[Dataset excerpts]
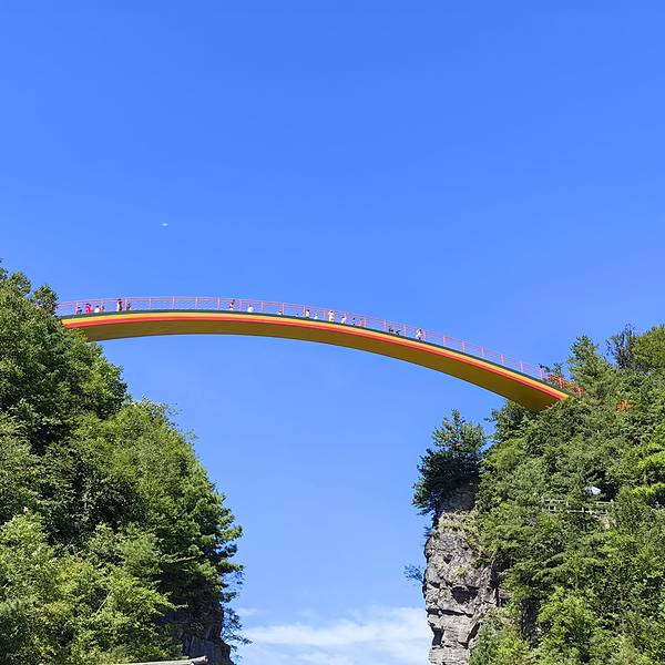 前面的燕子垭主要打卡点是飞云渡,俗称彩虹桥。公路穿过垭口,仰望天空,一座虹桥凌空飞架悬崖壑口,像一道彩虹悬挂在天穹。气势恢宏,景观漂亮。这是一座钢结构观景桥,悬空高,跨度大,因此又得名云天飞渡。我们从入口沿着栈道上行,经过燕子洞,蜿蜒曲折地爬上崖头,彩虹桥就横卧在眼前。跨上彩虹桥,茫茫林海尽收眼底。过桥后继续前行可到会仙桥、野人洞等景点。我们直接右转向出口,拾级而下回到地面。客观地说,燕子垭是天燕景区唯一可玩点。莽莽林海天门垭彩虹桥栈道俯瞰桥面步道 展开
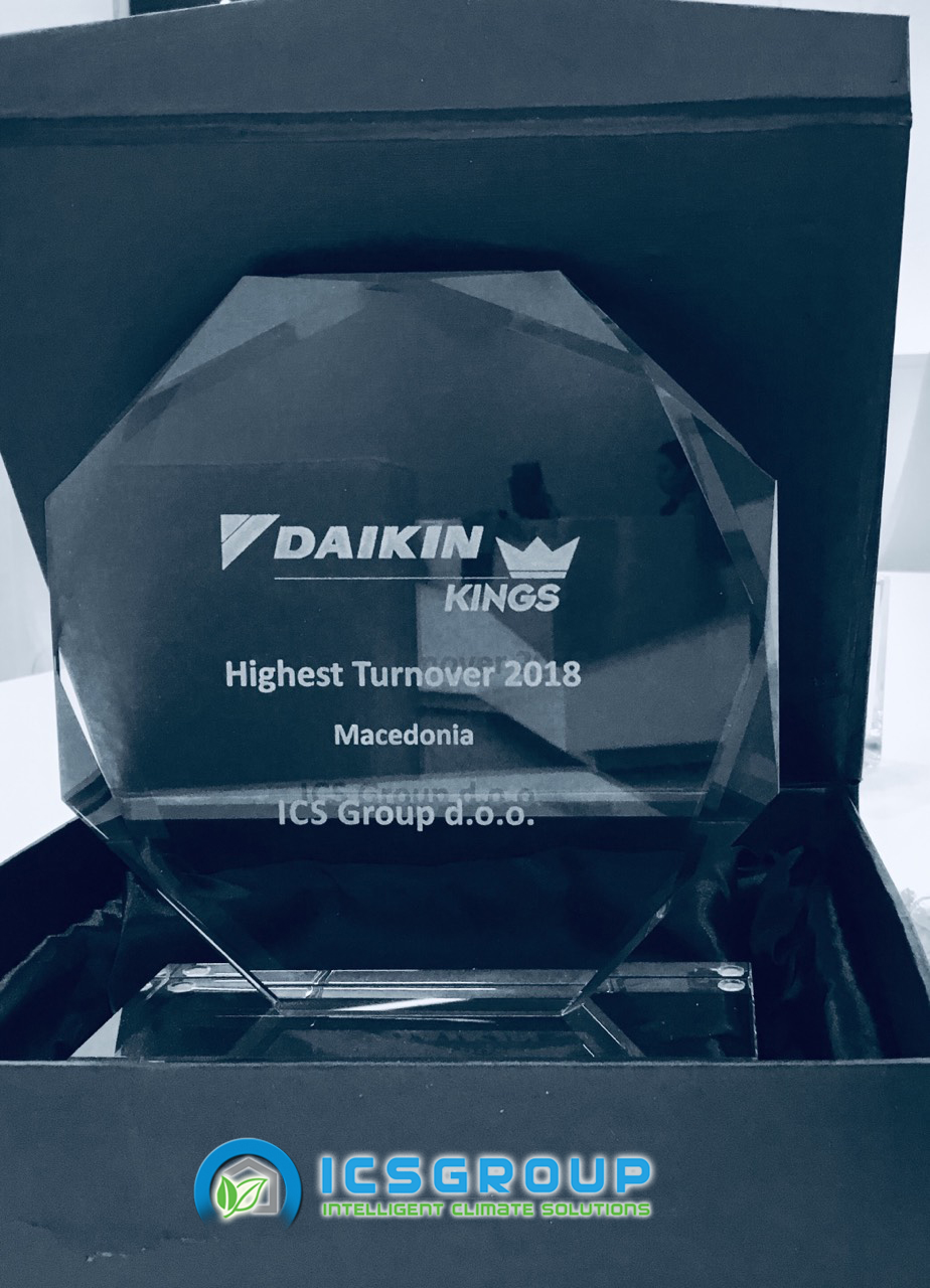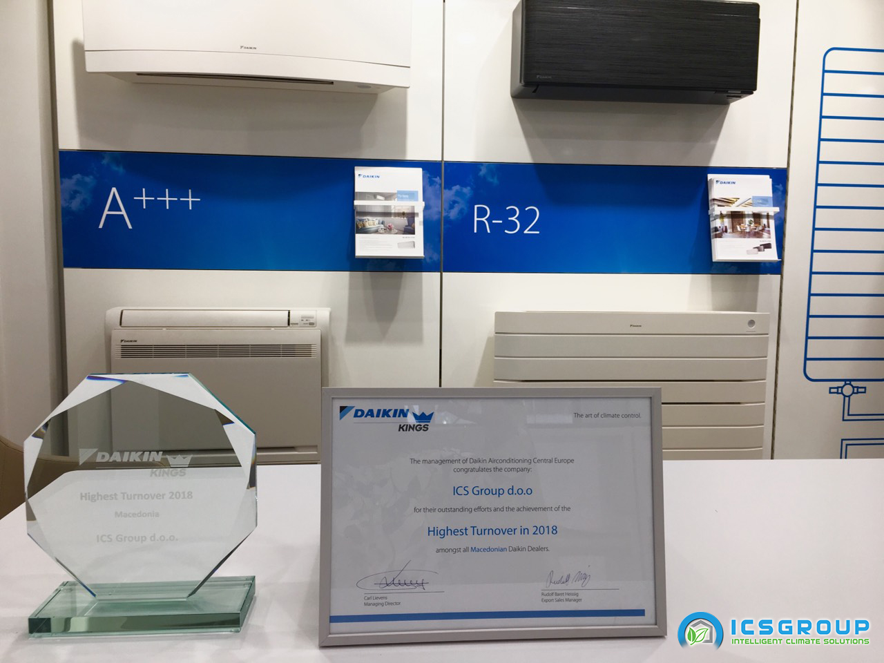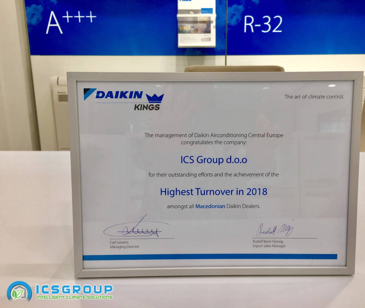 ИЦС ГРУП го доби новиот Сертификат “Daikin HIGHEST TURNOVER 2018“ за постигнат најголем успех, од сите дилери на Daikin во Македонија.
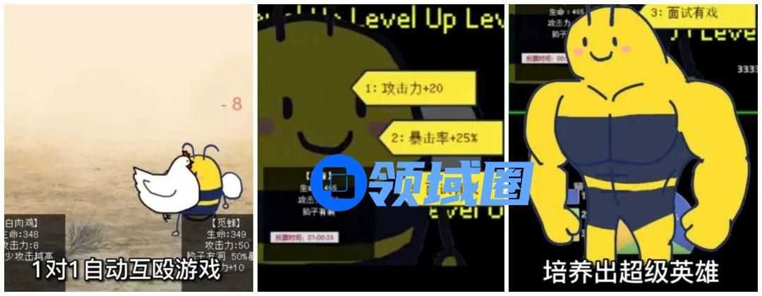 另一个“Bee兜子RPG”项目,觅2将其定义为一款1v1自动互殴游戏,玩家在每次过关后需要在三个升级选项中进行选择,只有选择正确了我们才能将小bee培养成超级英雄,并在最后打败最终大魔王。
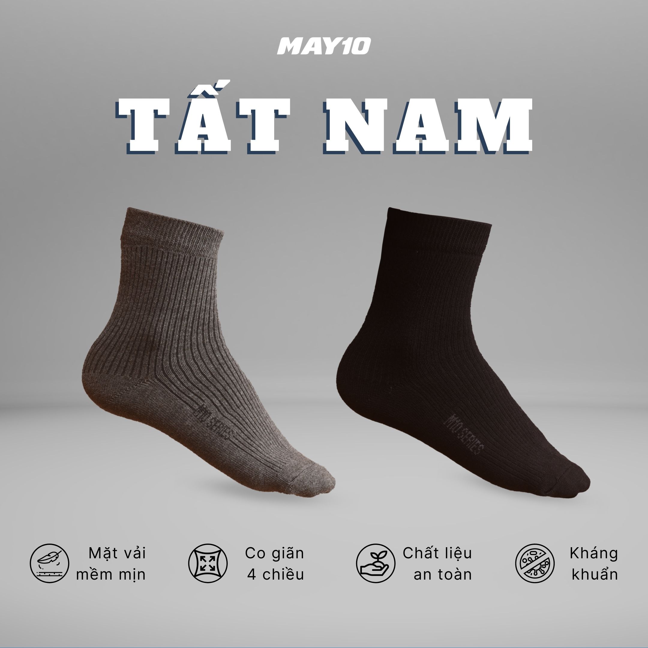 THÔNG TIN SẢN PHẨM TÂT NAM Chất liệu: 50% cotton - 45% poly - 5% spandex Màu sắc: ghi/đen Freesize THÔNG TIN SẢN PHẨM QUẦN LÓT NAM Chất liệu: COTTON Màu sắc: RANDOM Kích cỡ:
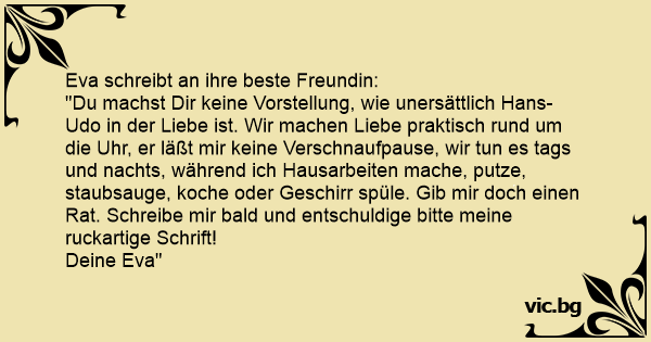 "Du machst Dir keine Vorstellung, wie unersättlich Hans-Udo in der Liebe ist. Wir machen Liebe praktisch rund um die Uhr, er läßt mir keine Verschnaufpause, wir tun es tags und nachts, während ich Hausarbeiten mache, putze, staubsauge, koche oder Geschirr spüle. Gib mir doch einen Rat. Schreibe mir bald und entschuldige bitte meine ruckartige Schrift!
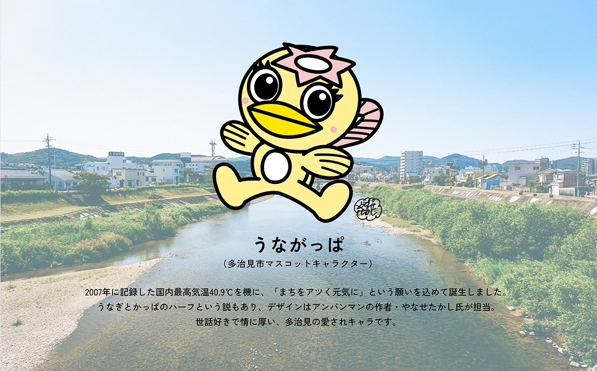 岐阜県多治見市公式マスコットキャラクター「うながっぱ」を用いて可愛らしく仕上げました。

What you have to do: Restate the data above word for word. Skip every picture.

Response:
 前面的燕子垭主要打卡点是飞云渡,俗称彩虹桥。公路穿过垭口,仰望天空,一座虹桥凌空飞架悬崖壑口,像一道彩虹悬挂在天穹。气势恢宏,景观漂亮。这是一座钢结构观景桥,悬空高,跨度大,因此又得名云天飞渡。我们从入口沿着栈道上行,经过燕子洞,蜿蜒曲折地爬上崖头,彩虹桥就横卧在眼前。跨上彩虹桥,茫茫林海尽收眼底。过桥后继续前行可到会仙桥、野人洞等景点。我们直接右转向出口,拾级而下回到地面。客观地说,燕子垭是天燕景区唯一可玩点。莽莽林海天门垭彩虹桥栈道俯瞰桥面步道 展开
 ИЦС ГРУП го доби новиот Сертификат “Daikin HIGHEST TURNOVER 2018“ за постигнат најголем успех, од сите дилери на Daikin во Македонија.
 另一个“Bee兜子RPG”项目,觅2将其定义为一款1v1自动互殴游戏,玩家在每次过关后需要在三个升级选项中进行选择,只有选择正确了我们才能将小bee培养成超级英雄,并在最后打败最终大魔王。
 THÔNG TIN SẢN PHẨM TÂT NAM Chất liệu: 50% cotton - 45% poly - 5% spandex Màu sắc: ghi/đen Freesize THÔNG TIN SẢN PHẨM QUẦN LÓT NAM Chất liệu: COTTON Màu sắc: RANDOM Kích cỡ:
 "Du machst Dir keine Vorstellung, wie unersättlich Hans-Udo in der Liebe ist. Wir machen Liebe praktisch rund um die Uhr, er läßt mir keine Verschnaufpause, wir tun es tags und nachts, während ich Hausarbeiten mache, putze, staubsauge, koche oder Geschirr spüle. Gib mir doch einen Rat. Schreibe mir bald und entschuldige bitte meine ruckartige Schrift!
 岐阜県多治見市公式マスコットキャラクター「うながっぱ」を用いて可愛らしく仕上げました。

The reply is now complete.